India's COVID-19 cases jump past 50,000
The status of India’s COVID-19 cases as of 8AM, May 7. (Photo Courtesy: @PIB_India/Twitter)
NEW DELHI, May 7 (Reuters): Coronavirus cases in India rose past 50,000, the health ministry said on Thursday, with the pace of new infections showing no signs of abating despite a strict weeks-long lockdown in the world's second-most populous country.
India added 3,561 cases, taking its total 52,952 - behind over 82,000 in China where the virus originated - while the death toll rose by 89 to 1,783, still low compared with the United States, United Kingdom and Italy.
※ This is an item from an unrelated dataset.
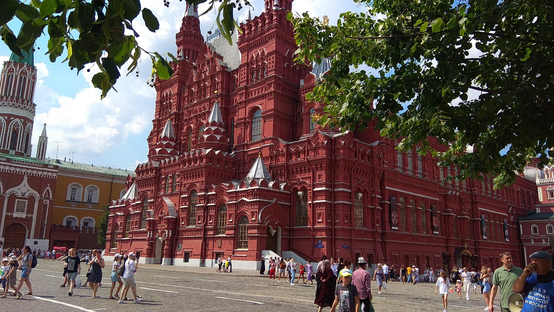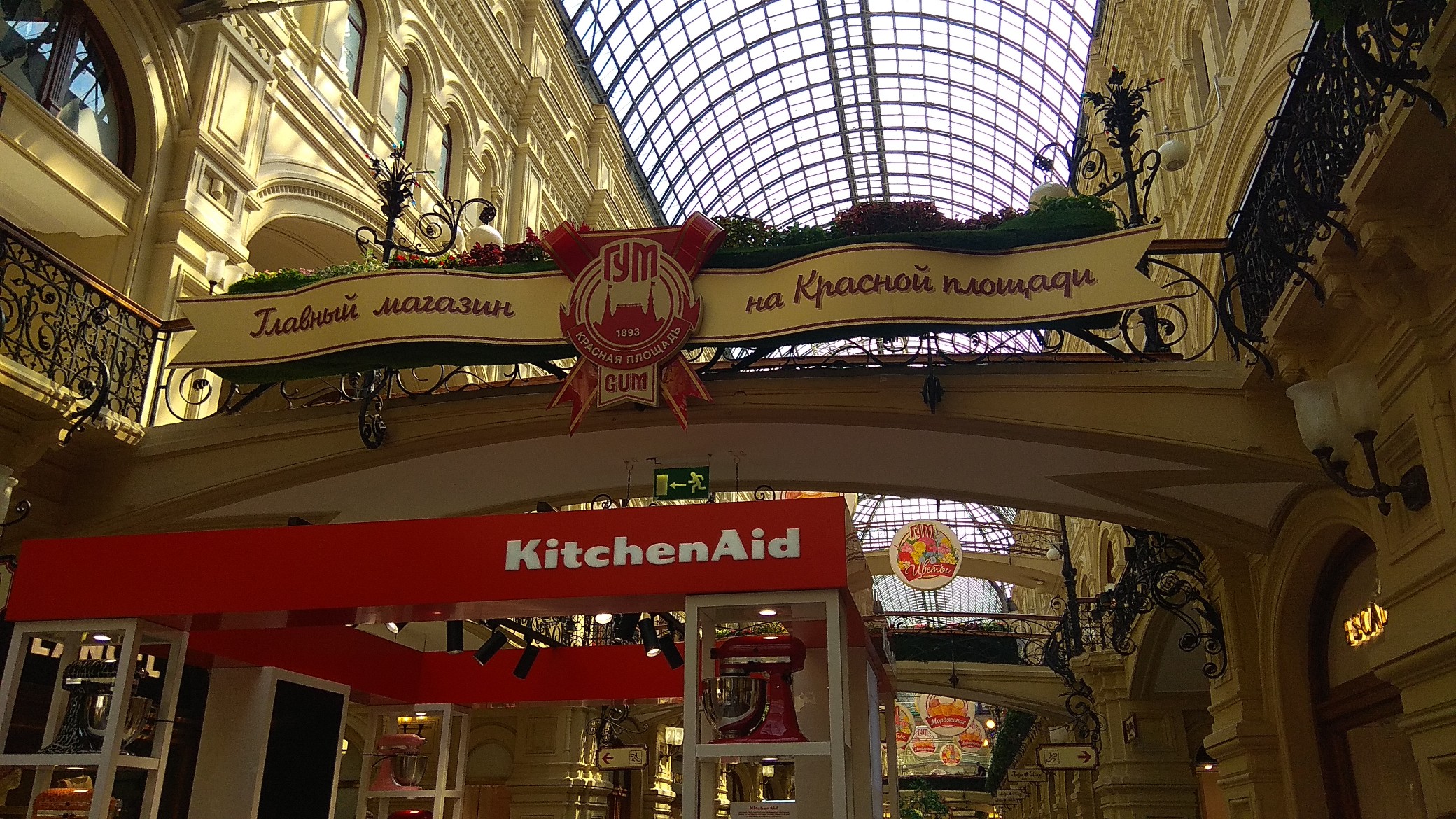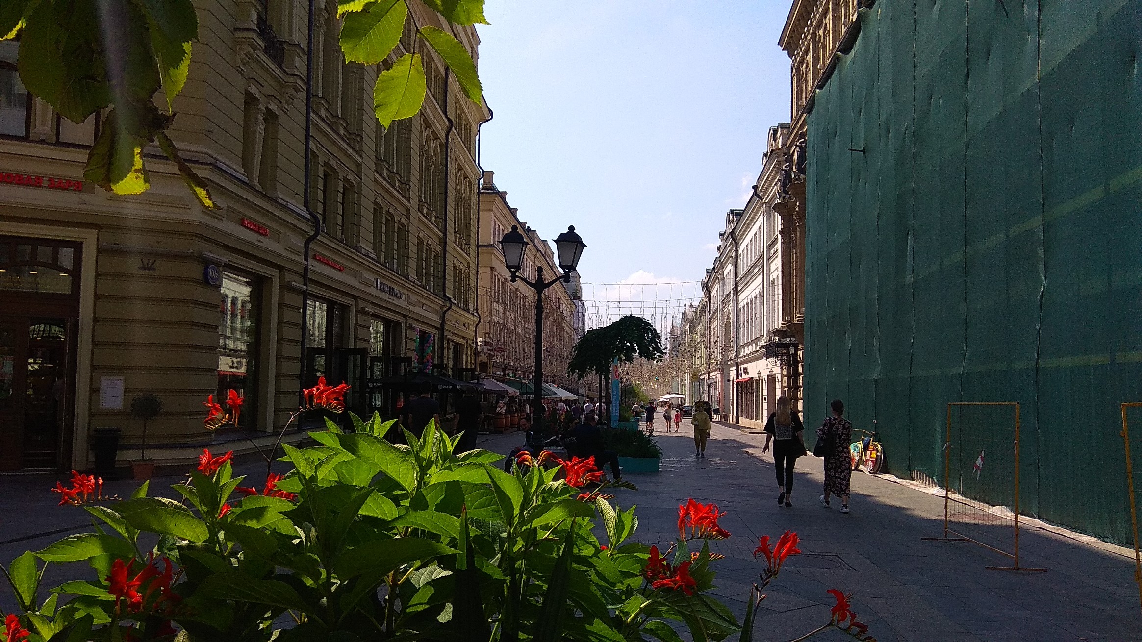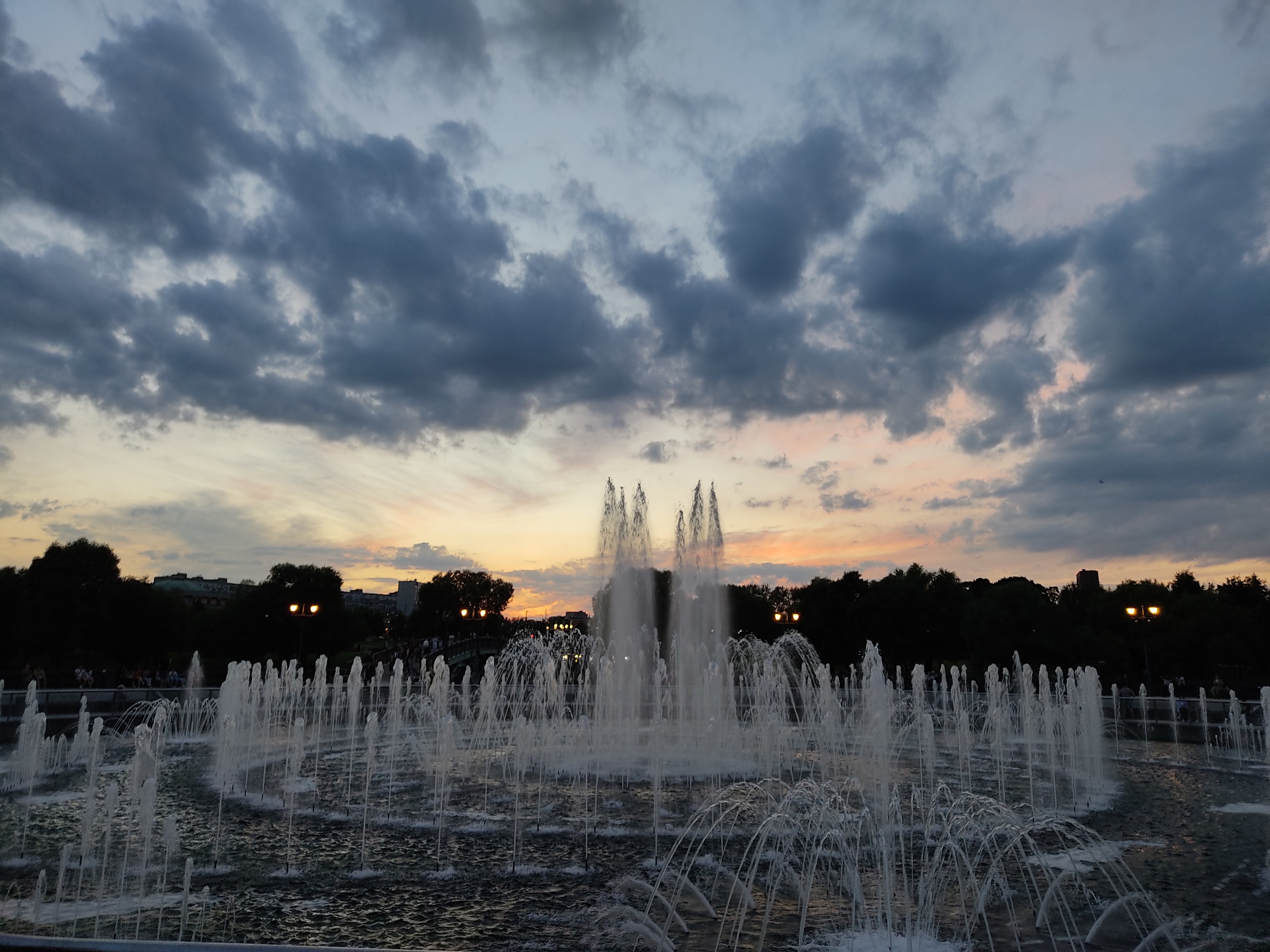 Учитывая краткий срок пребывания, надо было успеть метнуться по «классическим экскурсионным местам». Сначала поехали, конечно, на главную площадь страны – погуляли по окрестным улочкам, поели знаменитого  (трендового, ога) мороженого в ГУМе, приняли освежающий душ из поливальных машин на самой Красной площади. Это было клево, тем более в летнюю жару одежда высыхает мгновенно. Кстати, в гастрономе ГУМа был замечен в продаже наш белёвский зефир, что не могло не порадовать. Памятник Минину и Пожарскому стоит в лесах, идет ремонт. К дедушке Ленину никаких очередей (вспомнила советские времена – каков контраст, хех). Урн на площади и в окрестностях нет – меры антитеррористической безопасности, полиция дежурит, иностранцев немного, в отличие от прошлых лет, видимо боятся, как бы их в связи с мировыми событиями не задрали  агрессивные русские медведи. Мы посетили парк Зарядье, он новый, я там еще не была. Побродили по Александровскому саду, потусили возле фонтана с лошадьми на Манежной. Возле воды прохлада и кайф. Народ сидит прямо на газонах, на европейский манер, дети плещутся в фонтанах. Наш великовозрастный ребенок изъявил желание отведать  фаст-фуда.  Макдаки по Москве закрылись, вместо них те же фаберже под названием «Вкусно - и точка». Всем семейством радостно нахомячились Гранд ДеЛюксом (оказалось весьма неплохо на вкус, или просто мы были голодные), как раз очень удобно пережидая внезапно обрушившийся на Манежку ливень. Кстати и так народу очень много, мы еле нашли свободный столик, так еще люди набились в кафе, спасаясь от дождя, как шпроты в банку.

Officials attributed the low toll to the government's move to impose a stay-at-home order on the nation's 1.3 billion people early in the cycle, but noted a spurt in cases from the densely packed economic centres of Mumbai, Delhi and Ahmedabad.
Health Minister Harsh Vardhan said Maharashtra, the state where Mumbai is located, was an area of particular concern and said the federal government stood ready to help.
India this week allowed some economic activity to restart in less-affected parts of the hinterland to reduce the pain for hundreds of thousands of people out of work for weeks and running short of food and cash.
But the spreading contagion will increase the pressure on Prime Minister Narendra Modi to keep restrictions in place so it does not spin out of control and overwhelm the limited public health system.
India has reported an average of around 2,800 cases each day over the past week. By comparison, China has reported new cases in the single digits over the same period.
Infectious diseases experts have also expressed concern that official data in India is not capturing the full extent of the crisis. The infection numbers in India fall far short of the United States, which has 1.2 million cases and is nearing 75,000 deaths despite a much smaller population.
India, along with the United States, Russia and Brazil, was among big countries that had not yet been able to slow the pace of new infections, said Shamika Ravi, a Brookings senior fellow and a former member of the Prime Minister's Economic Advisory Council.
"Their current strategies (contact tracing + testing + containment) are ineffective," she said.